Журналистка Светлана Прокопьева, обвиняемая в "оправдании терроризма" за авторскую колонку о Михаиле Жлобицком, встретилась с анархисткой Екатериной Мурановой, обвиняемой по этой же статье за комментарий в контакте.
Большая часть уголовных дел, возбужденных по статье "Оправдание терроризма" после взрыва в архангельском здании ФСБ 31 октября 2018 года, до сих пор не дошли до суда. Государство наказывает подозреваемых другим способом – внося их фамилии в список действующих террористов и экстремистов Росфинмониторинга. В числе таких "террористов" – молодая мать из города Медвежьегорск в Карелии Екатерина Муранова. Без денег и без работы, она заперта в своем городке и ждет суда за короткий комментарий во ВКонтакте.
Медвежьегорск, где живет Екатерина Муранова, – маленький районный центр в Карелии, всего 14 тысяч жителей. Когда 20 марта в дом к Катиным родителям, где она тогда жила с маленьким сыном, в шесть утра "пришли ребята в масках", у подъезда не собрались журналисты. Весь тот ужасный день Катя была одна.
– Они пришли, нагло вломились в дом, начали все обыскивать, – вспоминает она. – Говорят: "У вас есть запрещенная литература? У вас есть взрывчатые устройства?" Я говорю: "Нет. Ребята, смотрите что хотите, но у меня ничего противозаконного". Все у меня только в голове, мои мысли были со мной.

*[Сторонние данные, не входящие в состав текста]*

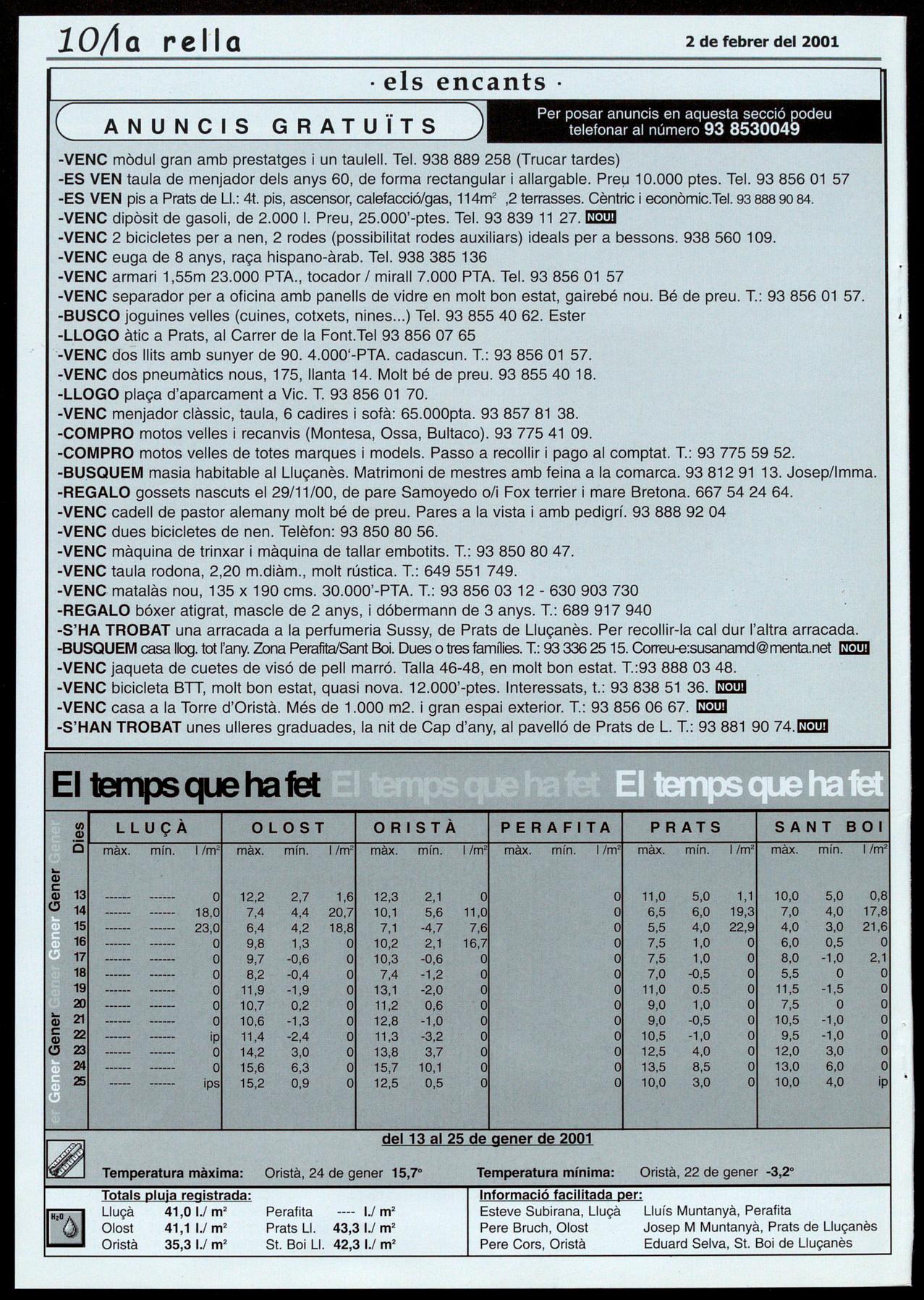 • Festes locals de Sant Boi de Lluçanès. En la rella número 18, corresponent al 5 de gener d'enguany, apareixia la relació de festes locals dels diferents pobles del Lluçanès per a l'any 2001. En referència al poble de Sant Boi de Lluçanès, la informació no es concretava per manca de dades. L'ajuntament ha fet saber que les dates establertes com a festes locals per a l'any 2001 són el 4 de juny el 28 de setembre.

"Радикальный человек. Маленький мальчик"
Катя – анархистка. "Меня эта тема интересует со школы", – говорит она. Кате 27 лет, за исключением бабушки-румынки, все ее предки – коренные карелы. Она родилась в Медвежьегорске и живет здесь почти всю жизнь, с перерывом на учебу в Санкт-Петербурге. Тогда Муранова увлекалась анархизмом всерьез – вместе с друзьями они раздавали листовки, писали на стенах граффити. Вернувшись в город (местные называют его Медгорой – сокращенно от расположенной там Медвежьей горы) с маленьким сыном, продолжала читать книги и общаться с единомышленниками в чатах, но и только.
Утром 1 ноября кто-то сказал ей: "Миша себя взорвал". Михаил Жлобицкий, 17-летний анархист, 31 октября на входе в здание управления ФСБ по Архангельской области привел в действие самодельное взрывное устройство и погиб. Свой поступок он объяснил в анархистском чате: "ФСБ фабрикует дела и пытает людей…" Это преступление-самоубийство вызвало целый вал откликов и комментариев, а позже из него отфильтровался ряд уголовных дел по статье 205.2 УК РФ – оправдание терроризма. Большинство из них – за комментарии в соцсетях, мое – за авторскую колонку. (Против автора этого материала Светланы Прокопьевой возбуждено уголовное дело по той же ст. 205.2 УК РФ. – РС).
– От самоубийства Миши я была в абсолютном шоке, – вспоминает Муранова. – Зашла в Telegram, в чат наш общий – и вижу от него сообщение, что в Архангельске произойдет взрыв. Он как бы оставил предсмертную записку. Даже родителям ничего не сказал.
С Мишей они познакомились в одном из анархистских чатов, стали общаться в Telegram – "приятный молодой человек". Катя говорит, что всегда ругала его за радикальные взгляды: "Я ему говорила: "Миша, так нехорошо – ты слишком радикально настроенный человек". Это была типичная подростковая эмоция, считает она:
– У него такие мысли были: "Ребята, надо идти, надо что-то делать. Мы не можем просто так сидеть и смотреть на все это". То есть радикальный человек. Маленький мальчик.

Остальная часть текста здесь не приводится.